Teknik Visualisasi Kreatif yang Benar

Motivasi Mindset - Visualisasi Kreatif adalah magic dalam arti sesungguhnya. Magic adalah memahami dan memposisikan diri selaras dengan prinsip-prinsip alam yang mengatur dan bekerja pada alam semesta, dan belajar untuk menggunakan prinsip-prinsip tersebut dengan cara sadar dan sekreatif mungkin.

Dengan memvisualisasikan kejadian, situasi, atau sebuah benda seperti mobil, rumah, kesehatan, kita menarik mereka kepada kita. Kita melihat apa yang kita inginkan dalam imajinasi dan ini akan terjadi. Ini seperti mimpi atau omong kosong. Tetapi sebenarnya ini adalah proses alami dari kekuatan pikiran (thoughts).
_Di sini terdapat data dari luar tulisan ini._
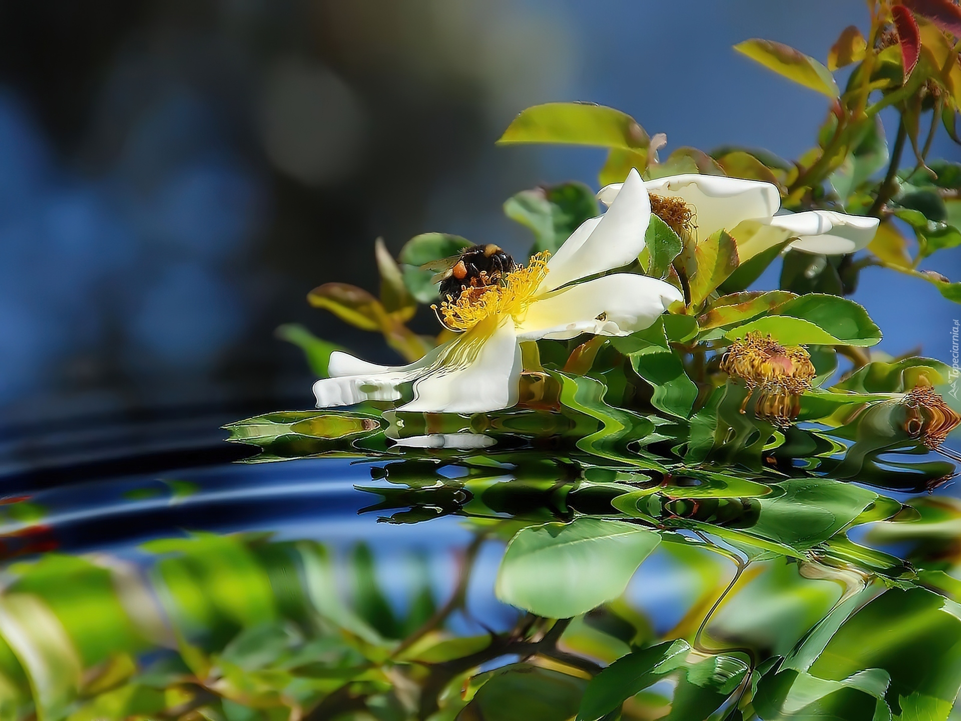 Edytor tapety: Pszczoła, Kwiaty, Woda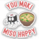 Espalhe as vibrações sushi com este adorável adesivo de trocadilho! Perfeito para laptop, garrafas d'água, ou planejadores, este design "Você é feliz por miso" é ideal para amantes de comidas e viciados em trocadilhos. Durável, brincalhão e muito fofo.

Bagaimana Creative Visualisasi Bekerja

Untuk memahami bagaimana Visualisasi Kreatif bekerja, adalah penting untuk melihat beberapa prinsip yang saling berhubungan:
Alam fisik adalah energi
Energi adalah magnet (energi sejenis akan menarik energi sejenis)
Bentuk fisik (physical energy) mengikuti ide (mental energy)
Apa pun yang kita berikan kepada alam semesta akan kembali kepada kita lagi

Em…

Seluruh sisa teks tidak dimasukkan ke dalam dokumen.